I was looking into buying a Radeon 7950 card, and while searching Google for its hash rate, I found some threads here on bitcointalk saying like 700 Mhash, ~660MH/sec, and at least 550MH.

Then I went to a few different sellers and they say the same card works on 650khs and 600Kh/s, using K, not M.

The only difference I could find is that M comes with a capital H, while K came with a lower h.

After some search I only found this on the Wiki:
Quote
Mhash/s = millions hashes per second (raw speed performance; may not be very energy efficient with some models).

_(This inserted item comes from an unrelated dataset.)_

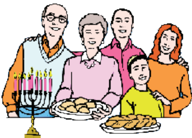
Hanouka, fête juive des lumières

Dans toutes les religions les fêtes sont l'occasion de réjouissances autour du repas.

I thought M meant Mega, as K would mean Kilo, now I am utterly confused... Could someone help?

M means mega, but mega is exactly a million.

The SI (system international) units are (there are more but these are the most commonly used):

Peta (P) = 1 000 000 000 000 000 (quadrillion)
Terra (T) = 1 000 000 000 000 (trillion)
Giga (G) = 1 000 000 000 (billion)
Mega (M) = 1 000 000 (million)
kilo (k) = 1 000 (thousand)
- () = 1 (one)
Centi (avoided when possible) (c) = 1/100 (1%)
milli (m) = 1 / 1 000 (one thousandth)
micro (μ) (u is informally used as well) = 1 / 1 000 000 (one millionth)
(in bitcoin we use satoshi here) = 10 / 1 000 000 000 (10 billionth)
nano (n) = 1 / 1 000 000 000 (one billionth)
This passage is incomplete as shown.